Crimes na saidinha de presos do complexo Campinas-Hortolândia; vereador critica medida
A saída temporária de detentos de junho começou na terça-feira (16), e o Complexo Campinas-Hortolândia registrou um homicídio e a adulteração de uma motocicleta logo no primeiro dia. Para o vereador Nelson Hossri (PSD-SP), de Campinas, "o fim da saída temporária é a única atitude em respeito às vítimas". Ainda de acordo com o parlamentar, “a sociedade não aguenta mais privilégios para criminosos".

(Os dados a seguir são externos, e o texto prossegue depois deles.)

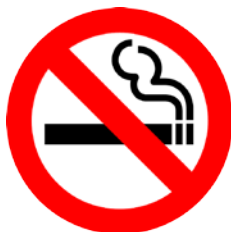
2; Imagen figurativa - icónica

Como se explicó anteriormente, aunque Goldstein (2012: 20) ubica los signos, símbolos e iconos en una categoría funcional propia y diferenciada, en este trabajo se propone que los signos, símbolos e iconos pueden cumplir diversas funciones. Una de ellas sería la propiamente figurativa, ya que en ocasiones representan metafóricamente un concepto abstracto o un referente concreto. En los manuales de español normalmente se utilizan únicamente símbolos convencionalmente aceptados en la sociedad de la LM puesto que se prevé que el alumno encontrará estos símbolos en una hipotética estancia en dicho entorno. Así, suelen recogerse señales de tráfico, leyendas utilizadas en mapas y planos de transporte público, símbolos que identifican edificios públicos o de interés turístico, etc. Su funcionalidad es similar a la de las imágenes figurativas y suelen utilizarse como facilitadores de adquisición de vocabulario.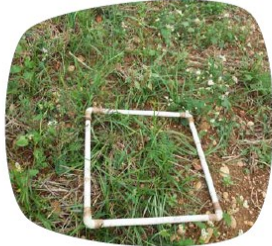
Présence du souchet dans une CIPAN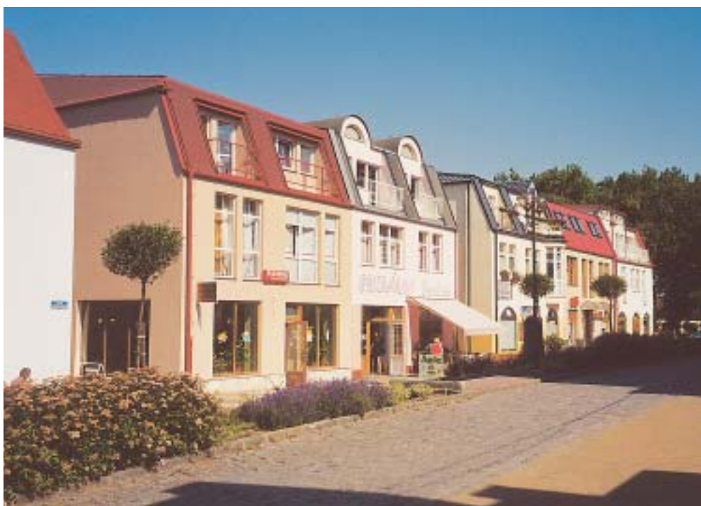
Bystřice pod Hostýnem: nová obchodní ulice v centru města

Předpoklady, které mají jednotlivá malá města pro svou budoucí prosperitu, lze seskupit do následujících katego-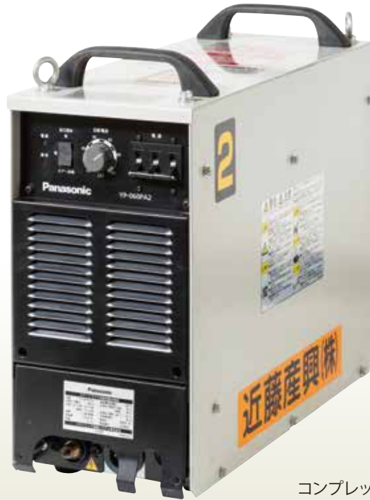
コンプレッサ内蔵型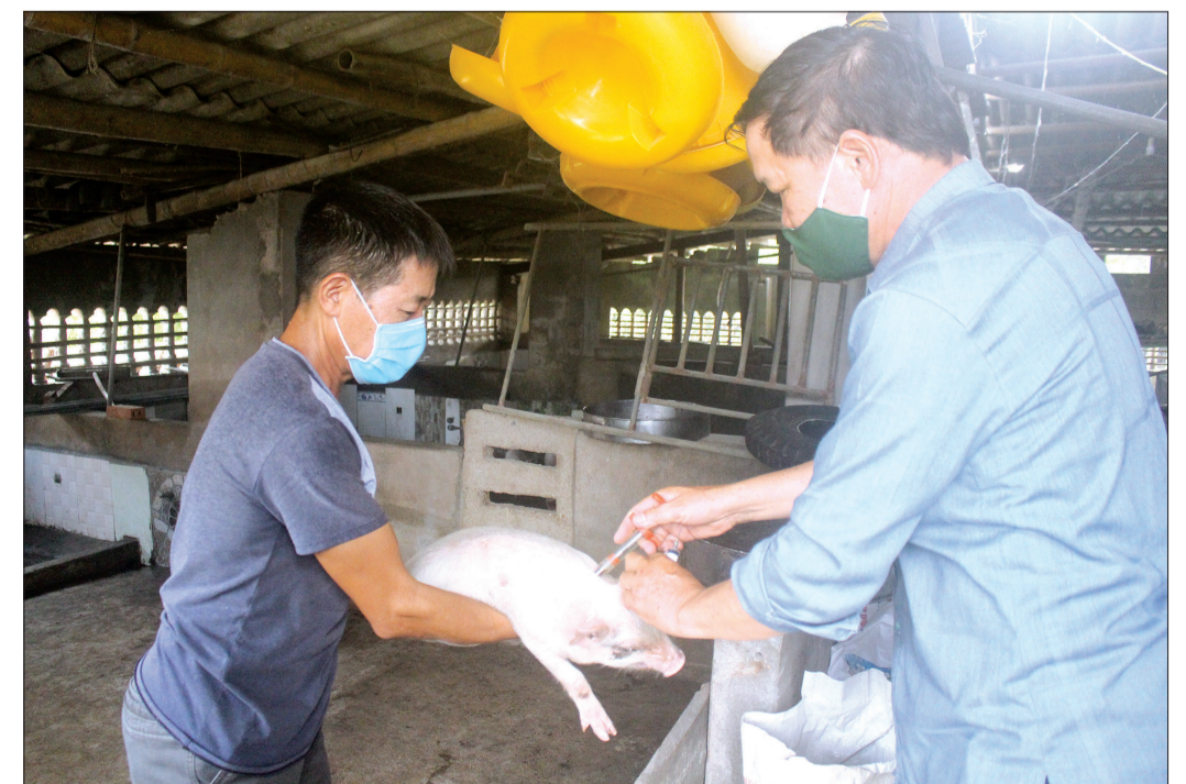
Người chăn nuôi thực hiện nghiêm việc tiêm vắc-xin phòng bệnh cho đàn lợn.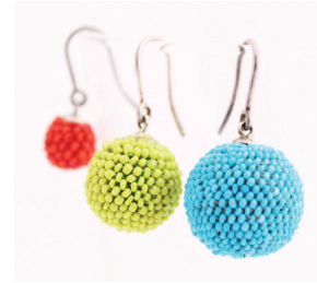
Ohrhänger S, M, L Eardrops small, medium, large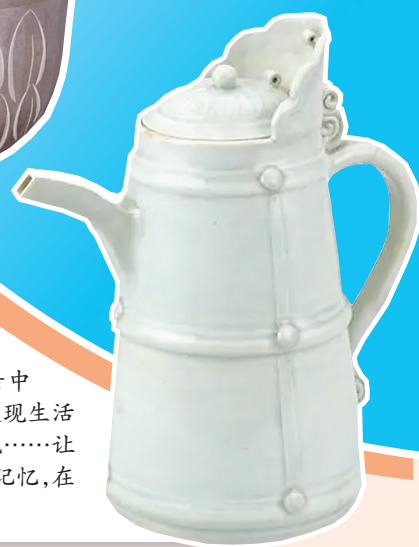
元代青白釉多穆壶。

又到国际博物馆日。博物馆正在经历一场身份重构，不仅是知识殿堂，更是承载公共记忆、提供情绪价值的文化空间。

Hosrri pontua que "o desenvolvimento do país depende do fim da impunidade", argumentando que "a população se tornou vítima e permanece trancada em casa com medo de frequentar as ruas", invalidando o conceito de segurança pública.
Os crimes
O primeiro ocorreu ocorreu na Rua Maria Rodrigues Ferreira, no Jardim Sumarezinho, em Hortolândia, onde um detento de 30 anos, que cumpria pena no Centro de Progressão Penitenciária Professor Ataliba Nogueira em Campinas, foi morto a tiros na frente da casa da família por um ocupante de um veículo branco que desceu do carro, perguntou pelo presidiário e disparou com uma pistola semiautomática.
Pelo menos quatro tiros o atingiram. A morte foi constatada no local pelo Samu (Serviço de Atendimento Médico de Urgência). Policiais civis e militares isolaram a área, e a Polícia Científica recolheu cápsulas na via. O corpo foi recolhido por uma funerária ao Instituto Médico Legal de Americana para exames necroscópicos, e a Polícia Civil de Hortolândia apura a autoria e a motivação do assassinato.
Já o segundo crime, foi constatado na Avenida Tarsila do Amaral, no Jardim Amanda, em Hortolândia, onde policiais militares abordaram um motociclista de 43 anos em atitude suspeita. Nada ilícito foi encontrado, mas a vistoria veicular constatou adulteração no motor e no chassi da moto. Consultas da polícia encontraram uma outra moto, com dados idênticos, no pátio de Campinas desde 2025, configurando a clonagem. O condutor foi preso em flagrante por adulteração e reencaminhado à prisão.
Números e critérios
A saída temporária de presos em regime semiaberto termina em 22 de junho. A concessão atende a critérios legais como bom comportamento e cumprimento de parte da pena.
No Complexo Penitenciário Campinas-Hortolândia e no Centro de Ressocialização (CR) de Sumaré beneficia entre 3.500 e 3.800 detentos. A estimativa ocorre porque a lista final muda até o último minuto. Em março, a saída liberou 3.020 detentos; em dezembro de 2025 e janeiro de 2026, 3.289.
O detento precisa estar no regime semiaberto e ter bom comportamento, mas uma falta disciplinar recente ou uma decisão judicial de última hora pode cassar o benefício. Como os dados das unidades prisionais e do Judiciário vão sendo consolidados, o número exato só é confirmado após a saída dos presos. Descumprir regras ou não retornar gera perda do benefício e pode levar a sanções.